In a large pot cook all the meat at once in hot oil over medium-high heat for 15 to 20 minutes or until brown, stirring occasionally. Drain off excess fat. Add the 4 cups water, sliced onion, garlic, Worcestershire sauce, lemon juice, sugar, salt, paprika, pepper, bay leaf, and allspice. Bring just to boiling; reduce heat. Simmer, covered, for 2 hours, stirring occasionally.
2.
Stir in carrots, halved onions, and potatoes. Return to boiling; reduce heat. Simmer, covered, about 30 minutes more or until meat and vegetables are tender. Discard bay leaf.
3.
In a screw-top jar shake together the 1/2 cup cold water and flour until combined. Stir into stew. Cook and stir until thickened and bubbly; cook 1 minute more.

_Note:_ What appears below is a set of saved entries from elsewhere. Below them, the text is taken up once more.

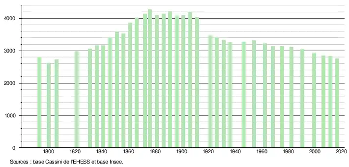 L'évolution du nombre d'habitants est connue à travers les recensements de la population effectués dans la commune depuis 1793. Pour les communes de moins de 10 000 habitants, une enquête de recensement portant sur toute la population est réalisée tous les cinq ans, les populations légales des années intermédiaires étant quant à elles estimées par interpolation ou extrapolation[32]. Pour la commune, le premier recensement exhaustif entrant dans le cadre du nouveau dispositif a été réalisé en 2006[33].
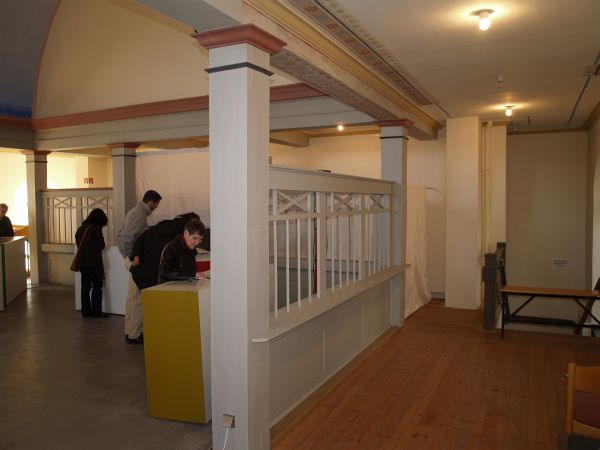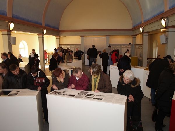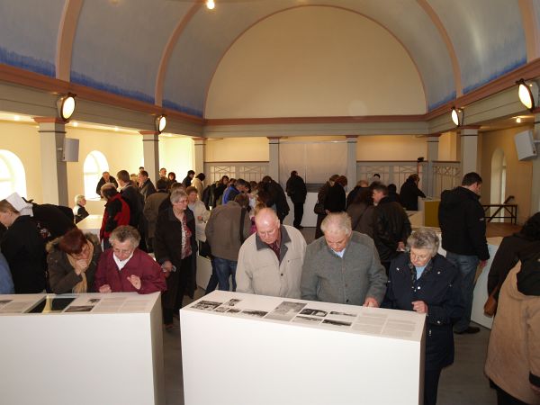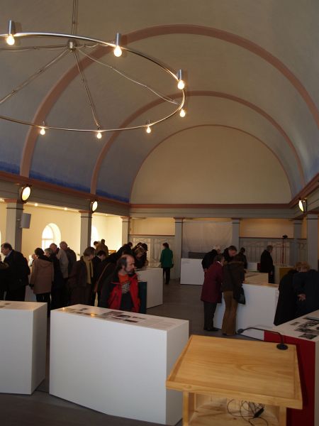 Blick in den Ausstellungsraum auf Höhe der früheren Frauenempore. Zahlreiche Besucher zeigen großes Interesse an der Ausstellung | ||
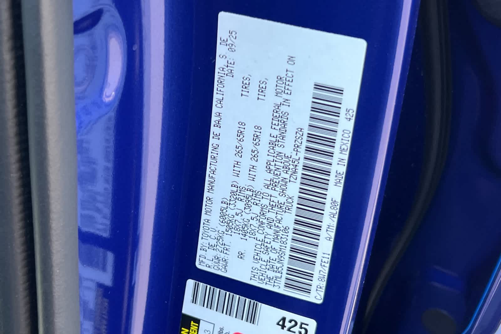 - VIN : 3TMLB5JN9SM183106
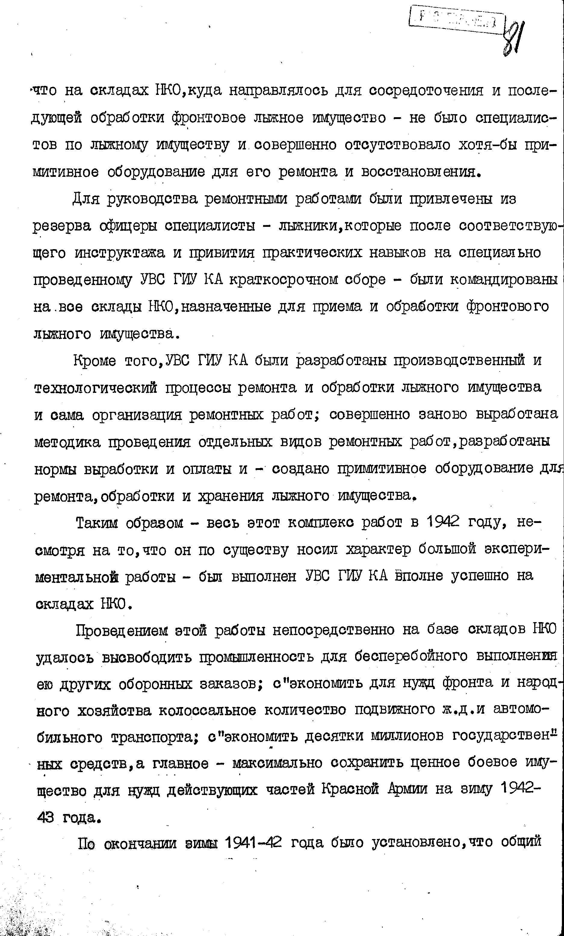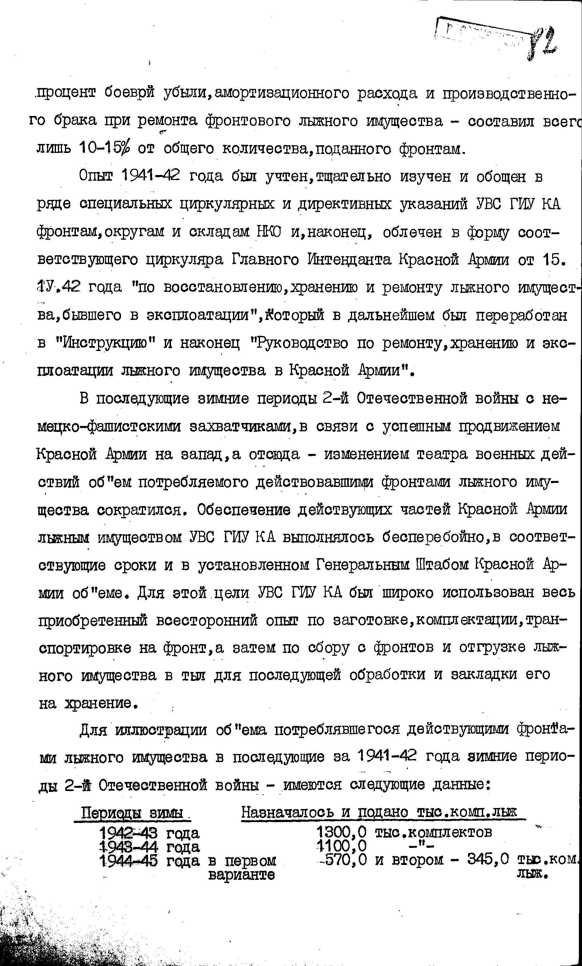 В самый сложный период — зиму 1941 — 1942 годов, в кратчайшие сроки, Красная Армия была обеспечена именно тем имуществом, которое позволило быстро и бесшумно передвигаться по глубокому снегу на большие расстояния, остановить, а затем и отбросить из-под Москвы ненавистного врага.
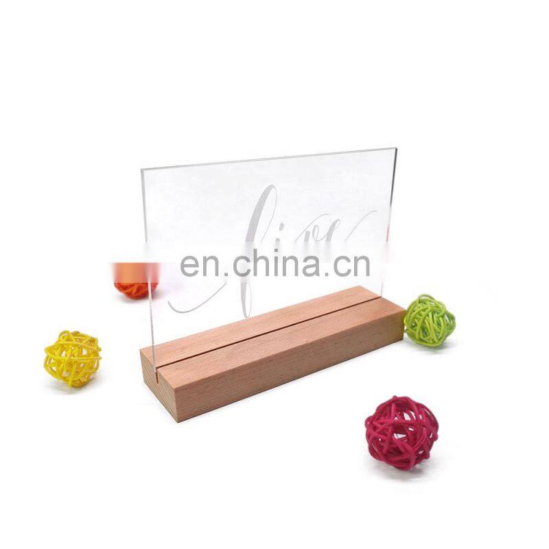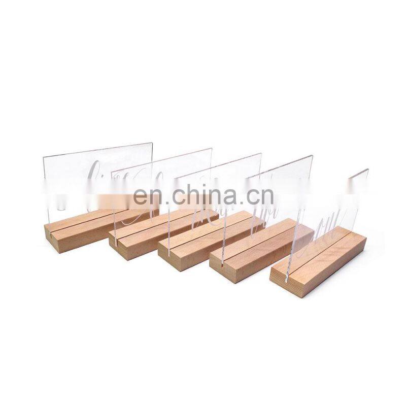 Acrylic Table Sign With Wooden Stands, 5 x 7 Inch Acrylic Sheets Top Menu Display Signs Wedding Birthday Party Table Sign
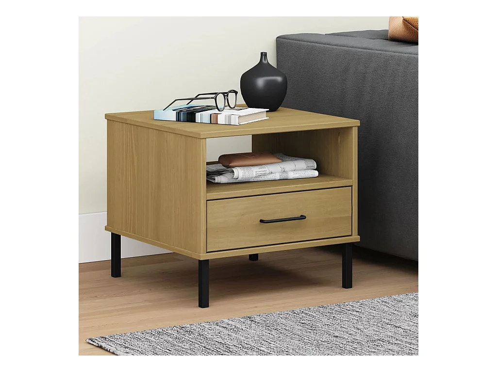 Nachttisch Nachtschrank OSLO mit Metallbeinen Braun Massivholz Kiefer -RN42976
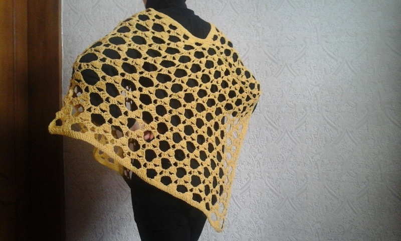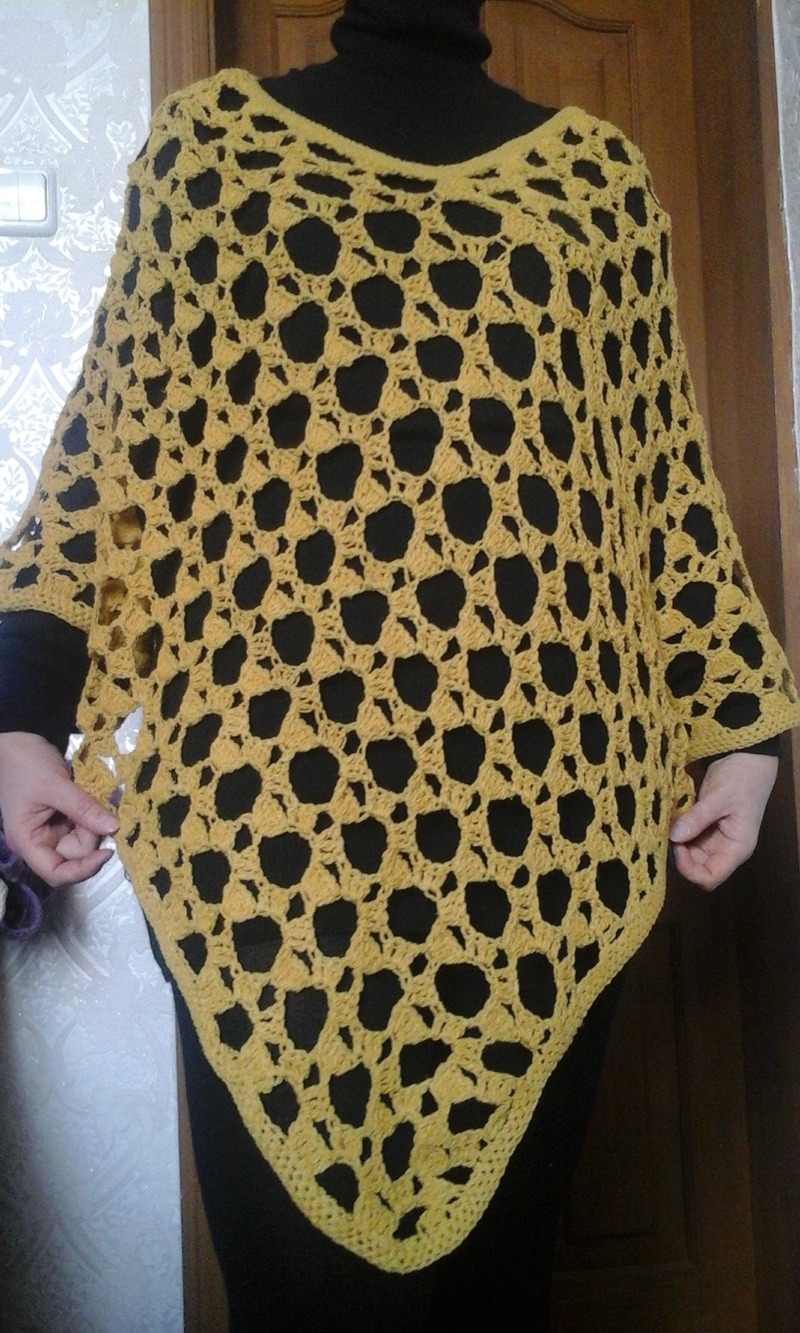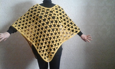 Предлагаю вашему вниманию связанную крючком ажурную накидку. Состав натуральная шерсть , но очень приятная и мягкая на ощупь. Стильная накидка , это не только дополнение к вашему образу , но еще и теплая , уютная вещь , которая вас согреет. Накидка имеется в двух цветах : темно синий и желтый. |

Season stew to taste with salt and pepper. Sprinkle each serving with snipped parsley, if desired. Makes 6 servings.
Nutrition information
Per serving: Calories 389, Total Fat 13 g, Saturated Fat 4 g, Cholesterol 82 mg, Sodium 338 mg, Carbohydrate 37 g, Fiber 5 g, Protein 31 g. Daily Values: Vitamin A 171%, Vitamin C 37%, Calcium 5%, Iron 30%.